» **Recorded data**:
___

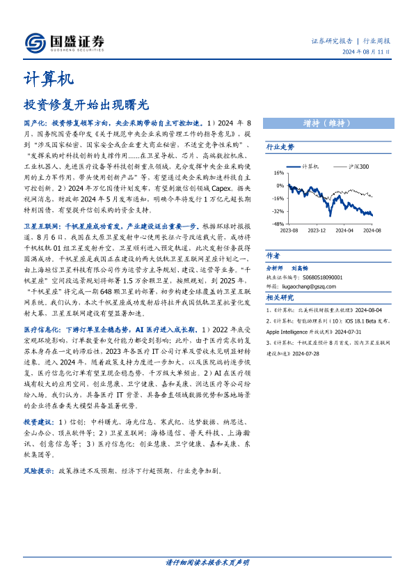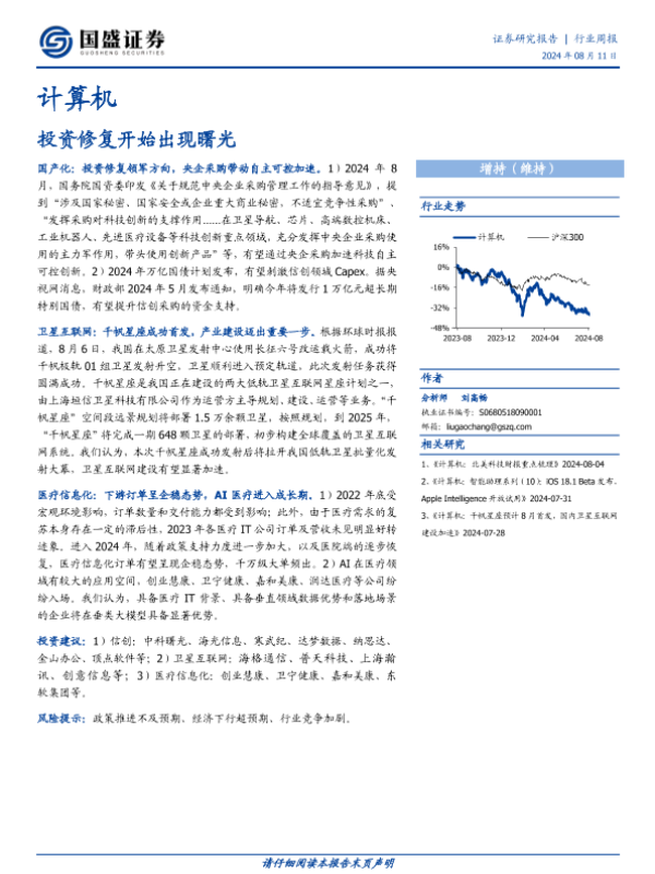 【国盛证券】【20240811】计算机行业周报:投资修复开始出现曙光-12页
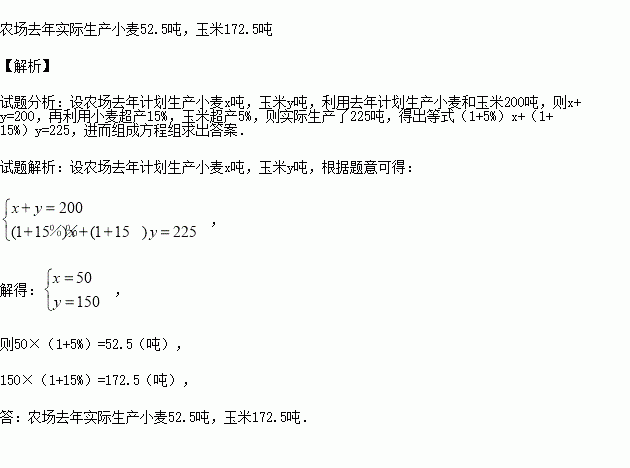某农场去年计划生产玉米和小麦共200吨.采用新技术后,实际产量为225吨,其中玉米超产5%,小麦超产15%.该农场去年实际生产玉米、小麦各多少吨?
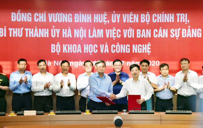 Bí thư Thành ủy Vương Đình Huệ nhấn mạnh, những nội dung trên sẽ được cụ thể hóa trong Thông báo Kết luận của Bí thư Thành ủy với Bí thư Ban Cán sự Đảng Bộ KH&CN. Trên cơ sở đó, Bộ KH&CN và UBND Thành phố sẽ ký Biên bản ghi nhớ hợp tác để triển khai, định kỳ có sơ kết, đánh giá, rút kinh nghiệm.
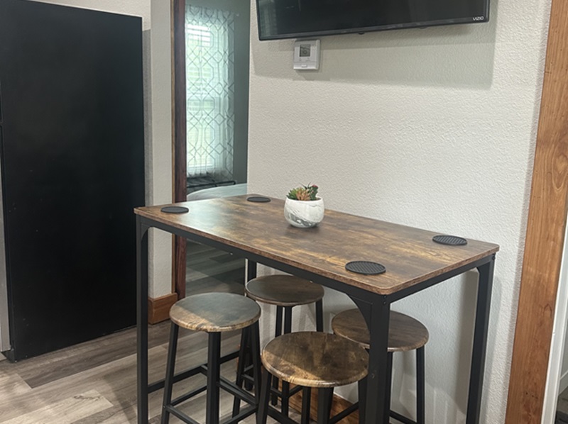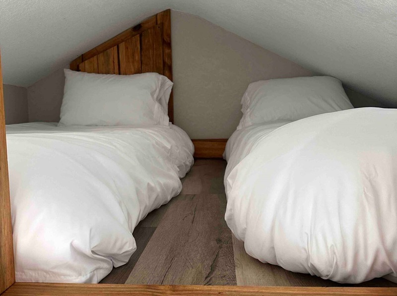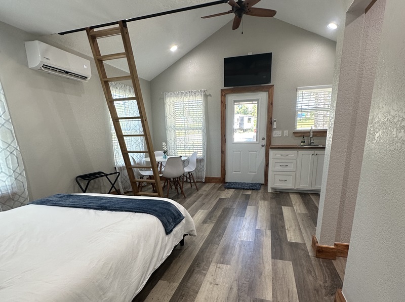 In the loft sleeping area, there are 2 additional twin memory foam mattresses. A small round dinette rests in the corner next to the windows for plenty of natural lighting.
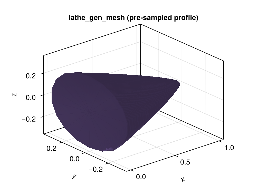 ax = Axis3(fig[1, 1], title="lathe_gen_mesh (pre-sampled profile)")
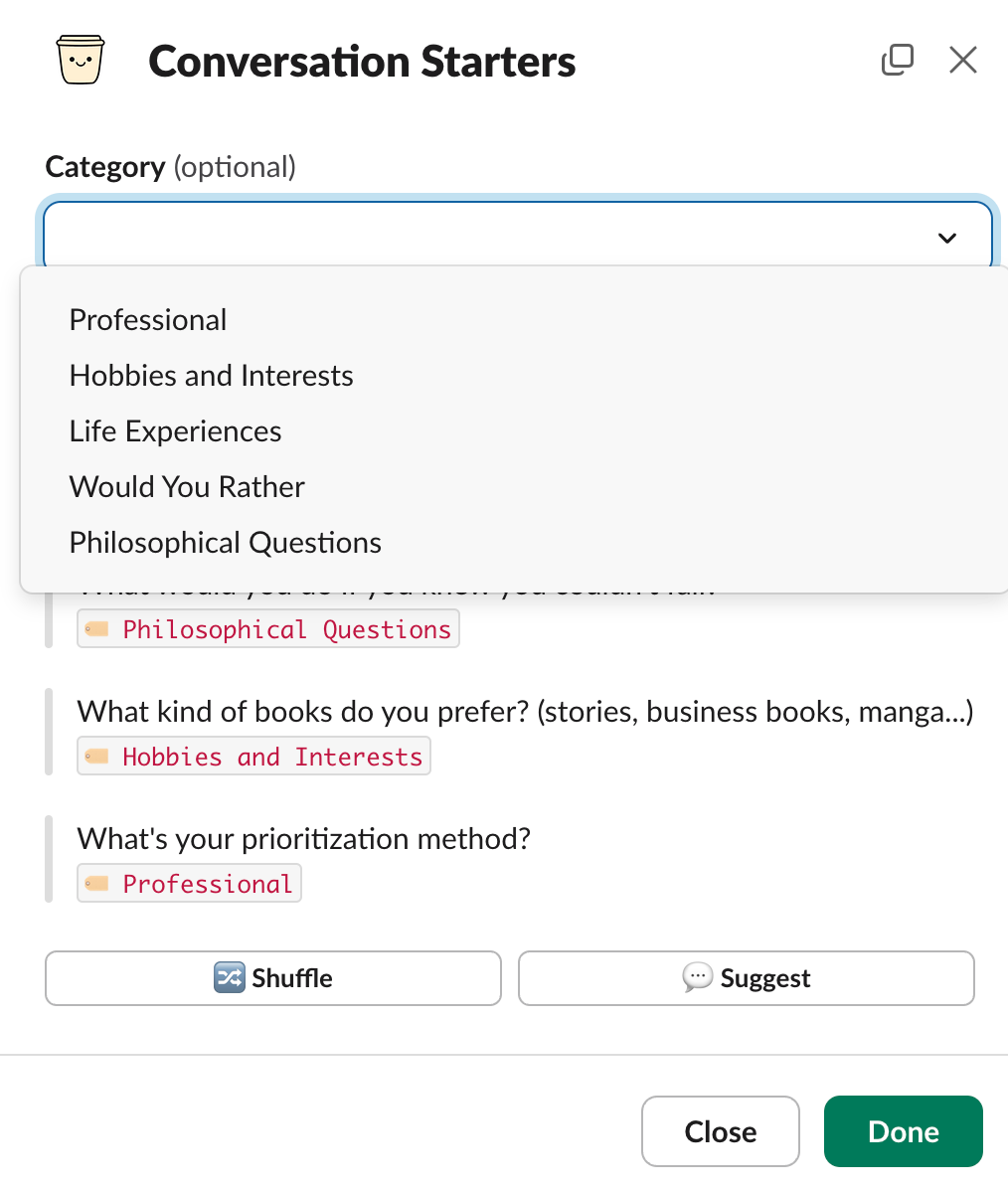 A watercooler app can bring more casual conversations into your Slack, giving people a chance to relax, connect, and feel part of a community—even when they're working remotely.

___

» **ASSIGNMENT**:
Copy the lines exactly. Start at the line with "In the loft", end at the last line above, include both, and omit all pictures.

» **PROBLEM SOLUTION**:
 In the loft sleeping area, there are 2 additional twin memory foam mattresses. A small round dinette rests in the corner next to the windows for plenty of natural lighting.
 ax = Axis3(fig[1, 1], title="lathe_gen_mesh (pre-sampled profile)")
 A watercooler app can bring more casual conversations into your Slack, giving people a chance to relax, connect, and feel part of a community—even when they're working remotely.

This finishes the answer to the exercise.